◆ **Supplied records**:
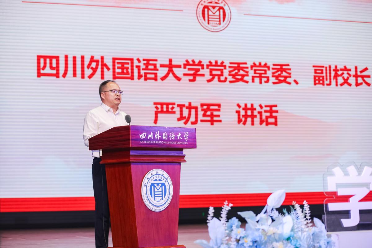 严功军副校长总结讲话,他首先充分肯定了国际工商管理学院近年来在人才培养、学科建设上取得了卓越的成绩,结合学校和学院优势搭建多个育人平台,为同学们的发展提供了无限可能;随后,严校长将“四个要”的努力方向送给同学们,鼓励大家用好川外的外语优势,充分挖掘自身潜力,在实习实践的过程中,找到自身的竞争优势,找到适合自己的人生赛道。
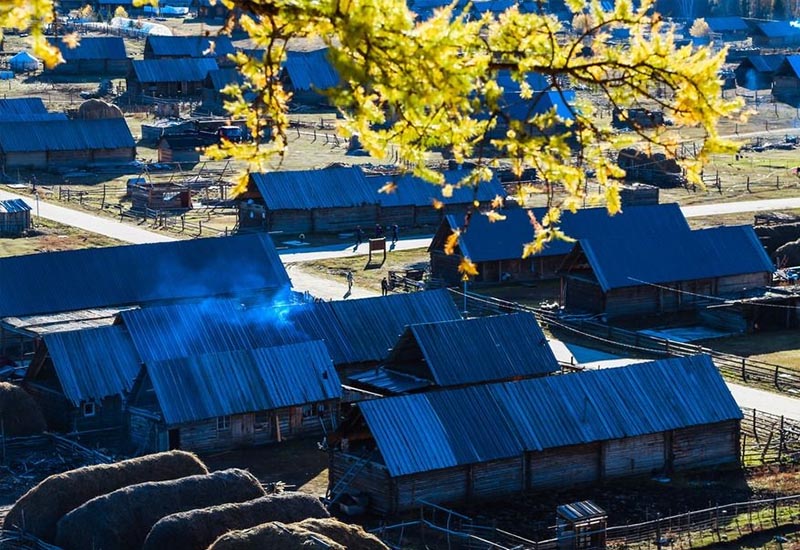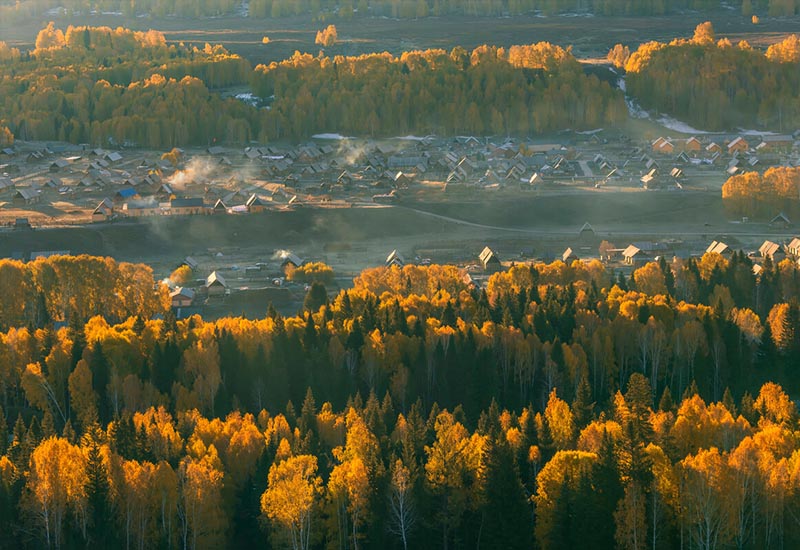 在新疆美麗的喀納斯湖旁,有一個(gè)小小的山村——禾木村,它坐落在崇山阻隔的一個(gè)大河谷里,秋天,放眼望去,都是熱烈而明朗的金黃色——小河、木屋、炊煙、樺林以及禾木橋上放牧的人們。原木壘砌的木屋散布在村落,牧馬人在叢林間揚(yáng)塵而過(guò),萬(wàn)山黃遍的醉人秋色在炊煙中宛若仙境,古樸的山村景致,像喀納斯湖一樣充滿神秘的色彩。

...

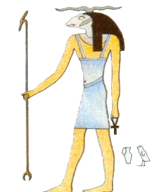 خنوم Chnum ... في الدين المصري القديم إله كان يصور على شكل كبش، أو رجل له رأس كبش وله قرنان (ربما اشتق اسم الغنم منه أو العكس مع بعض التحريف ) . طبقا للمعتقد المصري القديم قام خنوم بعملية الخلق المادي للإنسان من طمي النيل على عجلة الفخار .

◆ **Problem to work on**:
Print the part of the listing above that opens with the line containing "严功军副校长总结讲话,他首先" and closes with the line containing "在新疆美麗的喀納斯湖旁,有一". Copy it exactly, both ends included, and omit the pictures.

◆ **Answer to this task**:
 严功军副校长总结讲话,他首先充分肯定了国际工商管理学院近年来在人才培养、学科建设上取得了卓越的成绩,结合学校和学院优势搭建多个育人平台,为同学们的发展提供了无限可能;随后,严校长将“四个要”的努力方向送给同学们,鼓励大家用好川外的外语优势,充分挖掘自身潜力,在实习实践的过程中,找到自身的竞争优势,找到适合自己的人生赛道。
 在新疆美麗的喀納斯湖旁,有一個(gè)小小的山村——禾木村,它坐落在崇山阻隔的一個(gè)大河谷里,秋天,放眼望去,都是熱烈而明朗的金黃色——小河、木屋、炊煙、樺林以及禾木橋上放牧的人們。原木壘砌的木屋散布在村落,牧馬人在叢林間揚(yáng)塵而過(guò),萬(wàn)山黃遍的醉人秋色在炊煙中宛若仙境,古樸的山村景致,像喀納斯湖一樣充滿神秘的色彩。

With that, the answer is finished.